Edge-based industrial machine vision applications
Machine vision systems are pervasive. You’ll find them everywhere you go and they are part of everything you use. From spam filters to image recognition and processing, they have permeated our daily lives, whether at home, at work, or commuting between the two. Within the industrial manufacturing and production environments you’ll find many machine vision based systems deployed. The basic approach is that digital cameras capture images of, say, packets of rice being filled and sealed. In real time, computer algorithms are used to process the images and, by comparing them against known “good” images, detect problems. Perhaps the bag has split, or has not been filled completely, or maybe the sealing process has left a corner open. As machine vision has advanced, so has its ability to detect more and more potential failure conditions, resulting in improved production quality and throughput.

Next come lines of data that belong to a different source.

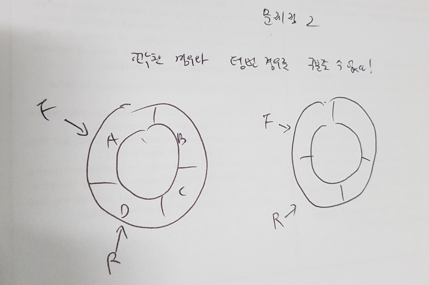 2)원형 큐가 꽉 찬 상태 = r이 가리키는 위치의 앞을 f가 가리킨다.
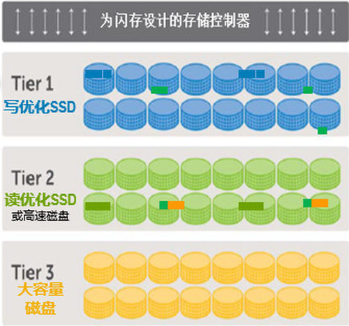 ▐ 从性能上来看,全闪存由于使用了SSD闪存介质,加之在软件栈上针对闪存介质和整个存储系统进行了算法的优化设计,可以用更小的容量空间带来更高的IOPS以及极低的响应延迟。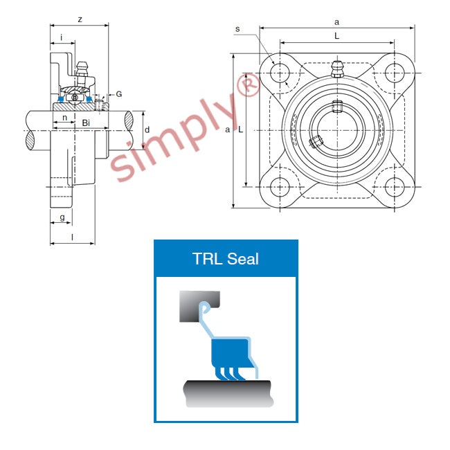 UCF Cast Iron Four Bolt Square Flange Housing: These normal-dutybearing units are fitted with a triple lip seal in a cast iron housing and includes a grease nipple to facilitate re-lubrication. These bearings are perfect for agricultural applications where the bearings are exposed to contamination. The bearing insert has 2 grub screws to allow tightening against the shaft once fitted. The inserts (available separately) can be removed from the housings for future replacement as required.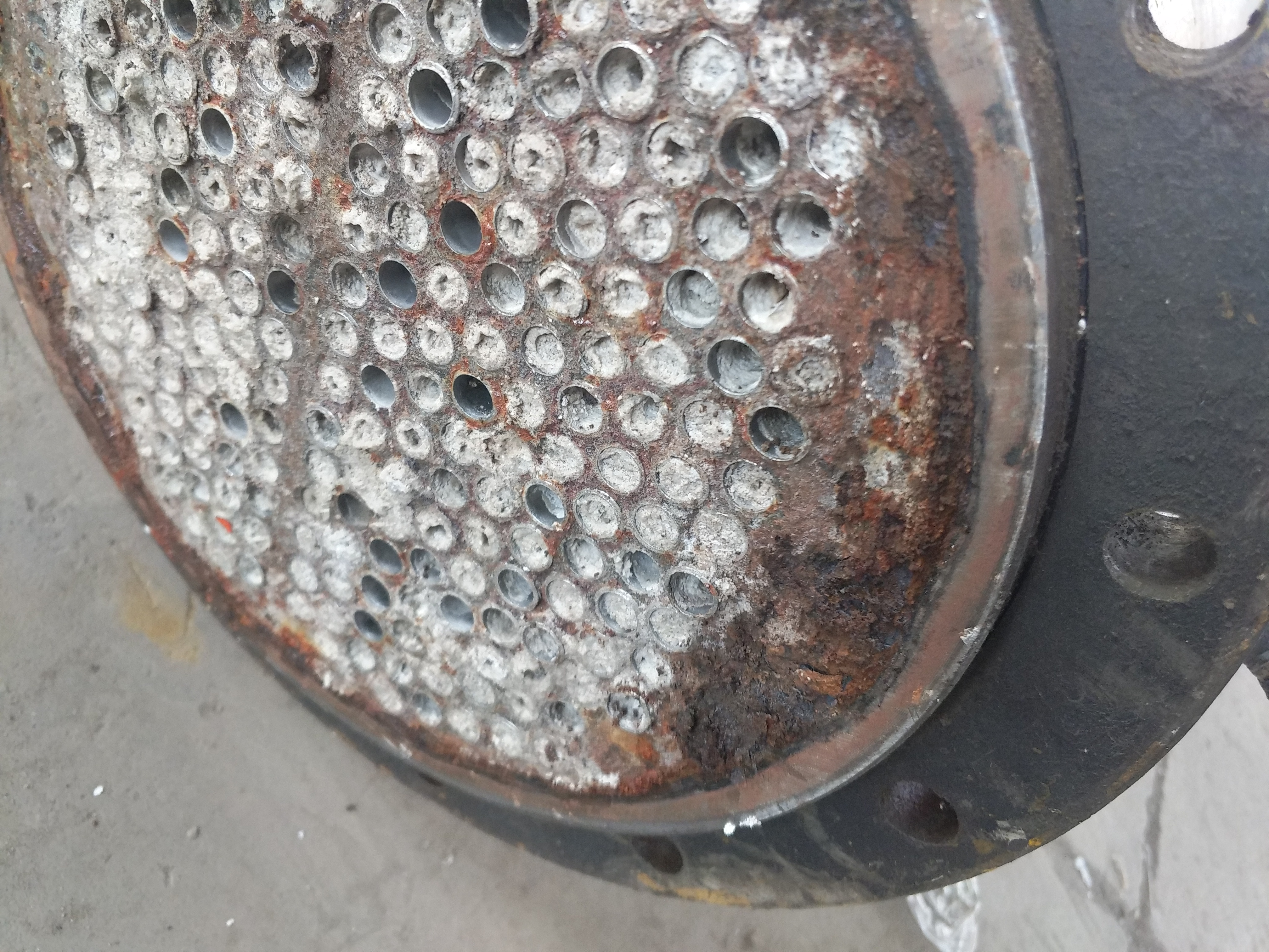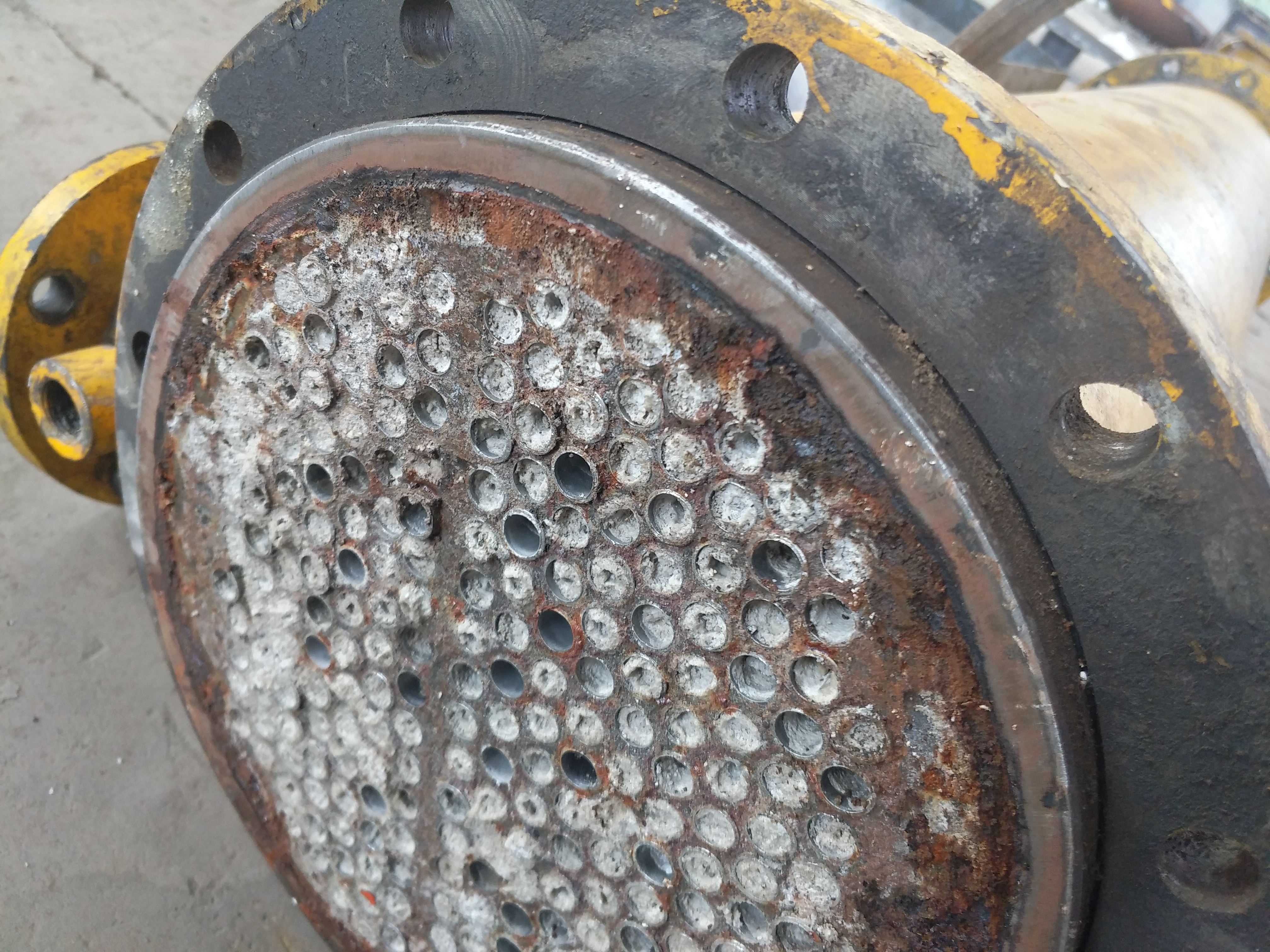 2、剔除舊不銹鋼管:選用-用半圓三角鏨子剔除,剔時注意不要損傷管板,剔光不銹鋼管,將舊不銹鋼管抽出后將管板管孔清理干凈,用細砂布打磨光潔,用布擦掉粉塵。

The algorithms used in such machine vision systems are broadly classified as artificial intelligence (AI) based and utilize deep-learning neural networks to digitally “see” the objects to be checked. As manufacturing operations continue to be transformed with initiatives such as Industry 4.0 and the Industrial Internet of Things (IIoT), machine vision applications will play an increasing role in improving operational efficiencies. Unlike early AI implementations, which required huge compute resources that were often constrained to a data center, today’s AI-based machine vision applications need to be closer to the “edge” in order to provide highly accurate, fast and actionable image detection.